The shocking thing here is not that Bitcoin’s price fell ahead of the FOMC meeting, rebounded after an estimated rate hike was announced, and then fell before exchanges closed. This is to be expected and I wouldn't be surprised if BTC returns to the low end of $21,000 as $20,000 seems to be solid support.
Surprisingly, some key language emerged without the market reacting accordingly. Make it a lesson in the deep narrative.
In my opinion, trading the FOMC, CPI, and raising interest rates is not the way to go. Of course, if you are a day trader with deep pockets to take advantage of this 2% or 4% volatility or an experienced qualified professional trader, then go for it. But as Jarvis Labs' chart below shows, trading the FOMC and CPI can really take traders by surprise.
I believe that intraday bitcoin price action on less than a daily time frame is irrelevant if your motivation is to go long bitcoin and increase your stack size. So instead of focusing on micro-events like, for example, as the Fed continues to hike rates, the policy it stuck with until inflation fell to its 2% target, let's look at other metrics that assess Bitcoin's current market structure and expected performance.
On-chain data suggests it’s time to start rallying
On Nov. 1, Capriole Investments founder Charles Edwards launched a new on-chain indicator called Bitcoin Yardstick. According to Edwards, the metric "takes Bitcoin market cap/hash rate and normalizes (divides) by a 2-year moving average" to essentially capture "the ratio of energy work done to protect the Bitcoin network relative to price".
Edwards stated that “lower readings = cheaper bitcoin = better value”, arguing:
“Today we are seeing valuations unheard of since Bitcoin was $4-6K.”
Similar to Glassnode’s recent report, Edwards also believes that long-term holders have capitulated. Edwards, citing the following table, said:
“Net unrealized profit and loss (NUPL) is showing a washout in long-term holders. We have entered the capitulation zone (red) seen only once every 4 years in the past.”
Several on-chain metrics are at multi-year lows, and there is enough precedent to suggest that current upside gains far outweigh downside potential.
Is the Bitcoin MACD Histogram Turning Bullish?
Another indicator that is making waves in trading circles is the Moving Average Convergence Divergence (MACD). Throughout the week, the indicator was cited by several traders, noting the convergence between the signal line and the MACD and the histogram turning "green" on the weekly time frame, a sign that Bitcoin is in the process of bottoming Encouraging signal.

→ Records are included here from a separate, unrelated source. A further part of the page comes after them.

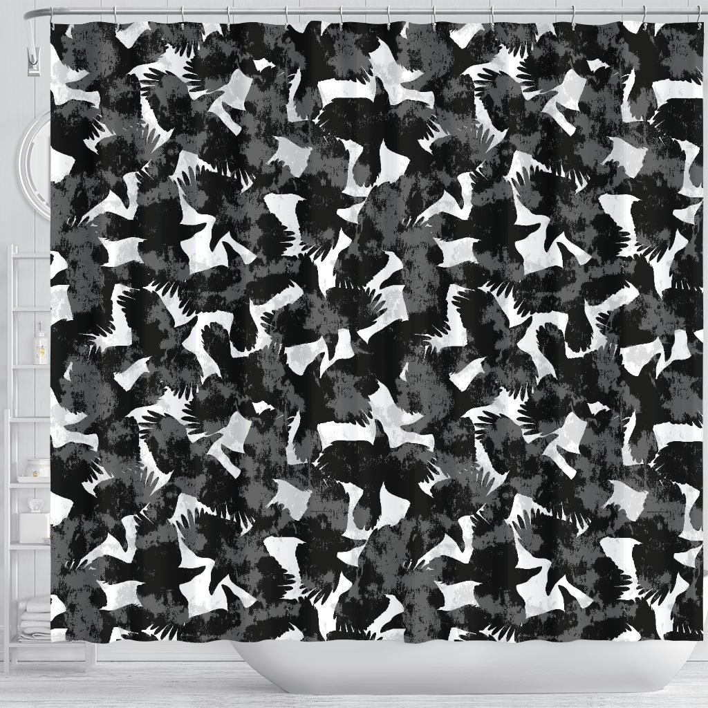 Crow Illustration Pattern Shower Curtain Fulfilled In US
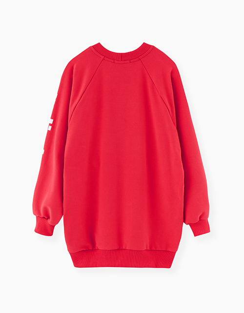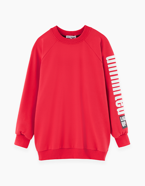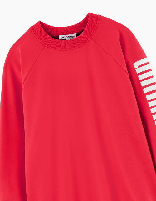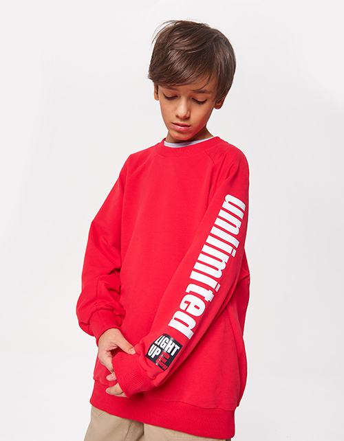 Красный oversize-свитшот для мальчика станет отличной основой джля образа. Модель декорирована тематическим принтом-надписью.
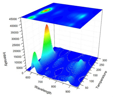 下图为一种无机长余辉发光材料的热释光三维光谱以及热释光温度谱。温度变化范围为 24℃ ~300℃,升温的速率为50℃ / 分钟。该样品在 613.5nm 处有最强的发光峰,(b) 图为从热释光三维光谱(a)中切片截取得到的热释光—温度谱线,其峰值对应的温度 Tm=163℃。
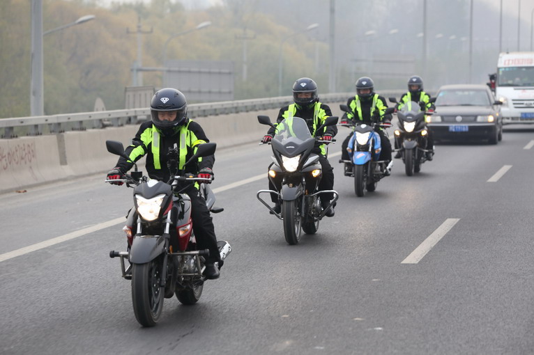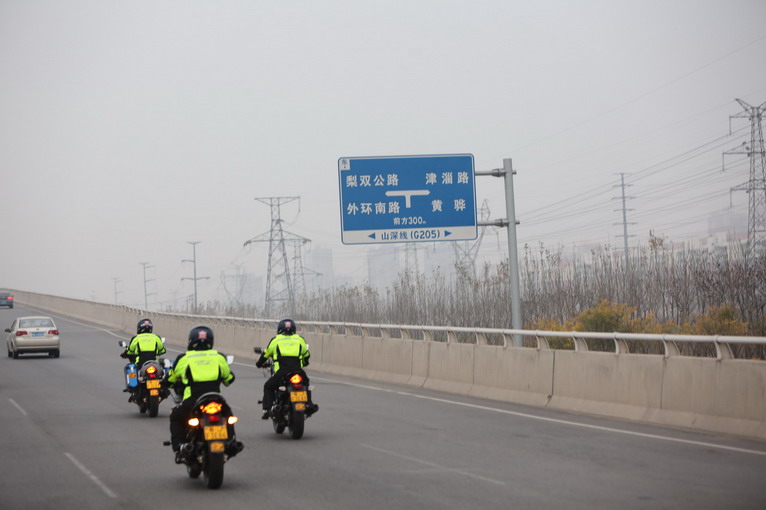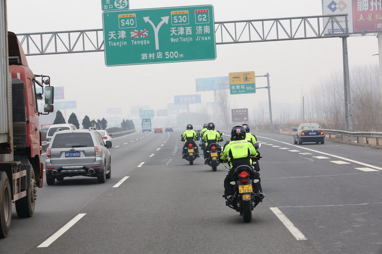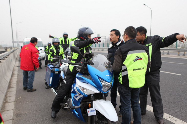 今天首都的灰霾還是有點(diǎn)大,車流量也不算少,一路上,無論是貨車、大客車、轎車,高速路上有序的摩托,也能和諧共處,事后隊(duì)員們都認(rèn)為開著GW250,足夠應(yīng)付高速路況,也比在國(guó)道上行駛更為安全。

Although the indicator should not be interpreted as a purely isolated signal, the crossover of the weekly and monthly timeframes and the change of the histogram from red to green is usually accompanied by a steady increase in bullish momentum.
While the data can’t confirm whether a market bottom is actually in place, comparing the current reading to previous market cycles and Bitcoin’s price action shows that BTC is undervalued in its current range.
The price of BTC could form a bottom, but that doesn’t rule out the occasional cryptocurrency and stock market-driven sell-off that could prompt a swift drop to yearly lows.